В половине седьмого раздался бесцеремонный телефонный звонок. «Какого черта? В такую рань!» – думаю я, раздраженно выпутываясь из одеяла.

– Сергей Григорьевич, вы уже не спите?

Голос женский (скорее всего – молоденькая) и как будто незнакомый. Какая-то неуверенность в нем, возможно, от осознания неурочности часа; но мало ли, всякое случается; вполне может статься, у человека неприятности, и я один в состоянии помочь. Как-то сразу проникаюсь расположением.

– Нет, не сплю.

– Точно не спите?

– Точно.

– Точно-точно? Я вас не разбудила?

Тьфу ты! Вот пристала! Но спокойно: стремлюсь проявить сострадание и такт.

– Да нет же, я вам говорю. Я давно на ногах. На дворе июль месяц. Старики в деревне вообще в пять утра поднимаются – жалко времени…

Понесло! При чем здесь деревня? У человека несчастье, а я… Жестокосердный осел! Обрываю себя на полуслове и стараюсь с участием напрячь слух.

– Вы меня узнали?

– Да, да, конечно!

– Правда? – Голос звучит заметно жизнерадостнее, хотя и не без прежней неуверенности. – Кто же я?

Вот муха! И к чему эта напыщенная игривость? Я немного мешкаю: если и правда что-то стряслось, то все эти маневры с узнаванием и прочим – совершенная чушь: нужно немедленно предпринимать практические шаги, в крайнем случае – дать ценный совет, поделиться опытом… Нет, я, разумеется, не знаю этого голоса, впервые слышу и вообще начинаю уже сомневаться, верно ли на том конце набрали номер. А ведь ко мне, кажется, обратились по имени-отчеству? Точно, так и есть! Вот болван!! Ведь ясно же сказали:Сергей Григорьевич. А я-то разве Григорьевич? Вовсе нет, и если бы требовался я, сказали бы Георгиевич, ведь это как дважды два!

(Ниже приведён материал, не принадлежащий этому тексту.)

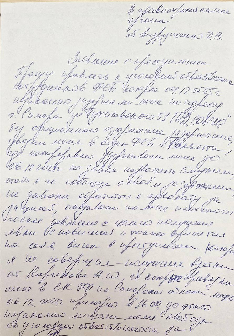 Согласно заявлению, написанному Андрущенко собственноручно и переданному адвокату Юрию Юдину, 4 декабря 2025 года около 12 часов дня он был фактически задержан на рабочем месте и вывезен в неизвестном направлении под предлогом проведения оперативных мероприятий. При этом задержание не было оформлено процессуально, протокол составлен не был, возможности уведомить близких родственников и пригласить защитника ему не предоставили.
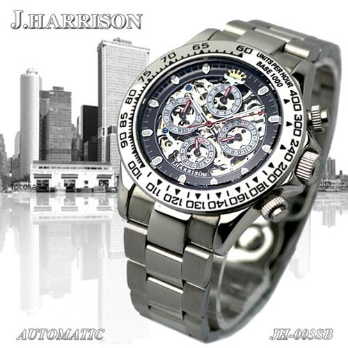 ☆J.HARRISON 機械式多機能両面スケルトン時計 JH-003SB
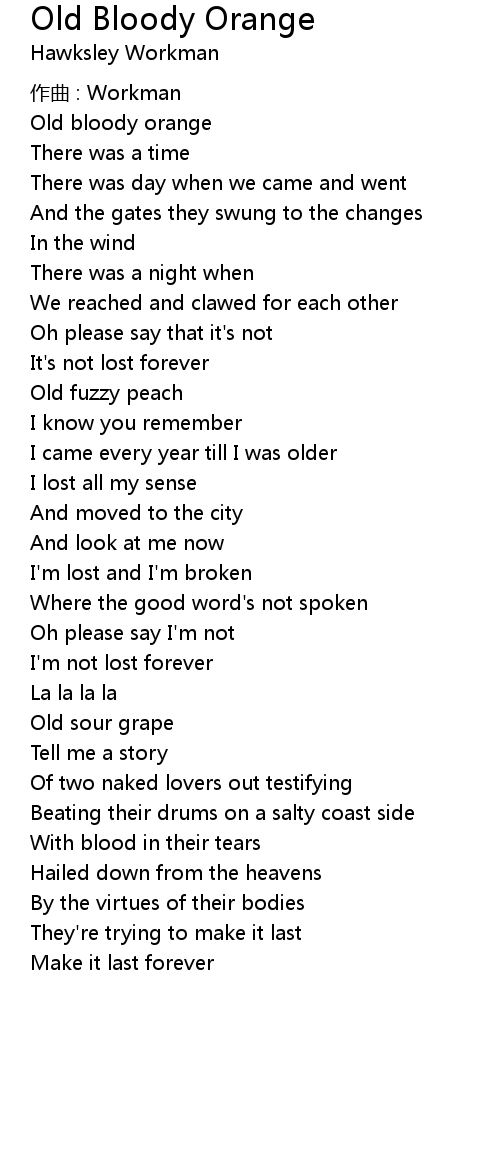 | Song | Old Bloody Orange |
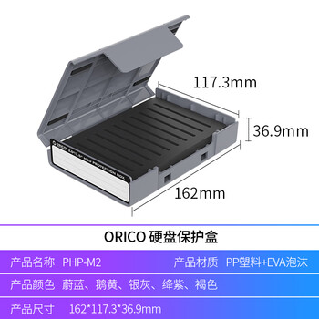 奥睿科(ORICO) M.2 SSD固态硬盘收纳保护盒 防震/抗压/耐摔/带标签/可叠放保护套 灰色PHP-M2

У-ф-фф! Я с облегчением вздыхаю и тоже игриво так говорю:

– Как это кто? Вы – сладкая греза моих дум, предмет моей нетерпеливой страсти и вообще – Дева радужных ворот, София…

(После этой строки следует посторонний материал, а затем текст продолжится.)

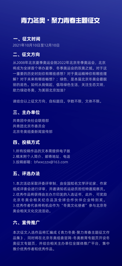 中国青年报客户端讯(中青报·中青网记者 梁 璇)由共青团中央社会联络部、共青团北京市委员会、北京冬奥组委新闻宣传部联合主办的“青力冬奥·聚力青春”主题征文活动于10月10日正式启动。
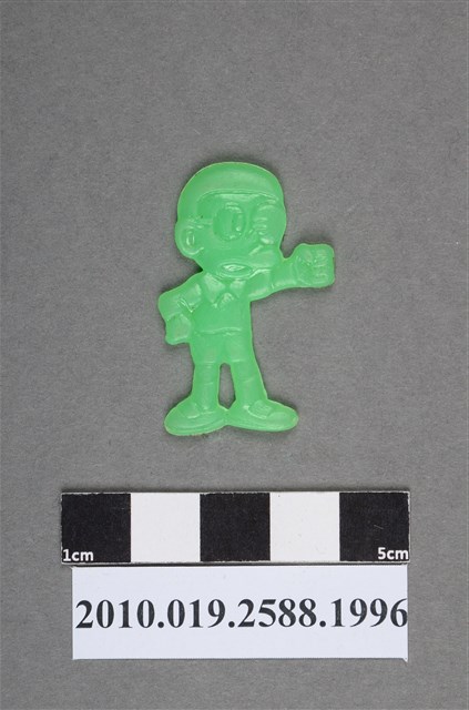 1.本物件為卡通哆啦A夢(小叮噹)之大雄(野比大雄)尪仔仙。硬質塑膠材質,扁平,單一不透明綠色,雙面浮雕圖案,兩面圖案相同。圖案為戴著眼鏡的大雄,一眼張開,一眼瞇著,嘴巴嘟起來,頸部綁有蝴蝶結,穿短褲。其為站立姿勢,一手伸出握拳,另一手放腰間。

Мне нестерпимо смешно, я едва сдерживаю дрожь в зубах, чтобы не расхохотаться и не выдать сразу своего истинного лица: хочется немного поиграть в Сергея Григорьевича, каким бы благодетелем или паскудником он ни был. Ну да ладно, со смехом кое-как справляюсь и замираю в предвкушении реакции девы.

– Я не ожидала, – лепечет она дрогнувшим голосом. – Я давно не была у вас, так вышло… Вы помните… Да, это я, Соня Шлякова.

Соня? Вот дьявол! Надо ж было так попасть! Дело принимало забавный оборот.

– Да, милая Сонечка, я помню вас, как иначе? – Говорю, а сам мысленно тычу в себя пальцем и корчусь в припадке гомерического хохота. – Что же вы пропали, а? Мне по ночам уже снятся ваши ушки. И носик. Вы, должен сказать, редкая шалунья!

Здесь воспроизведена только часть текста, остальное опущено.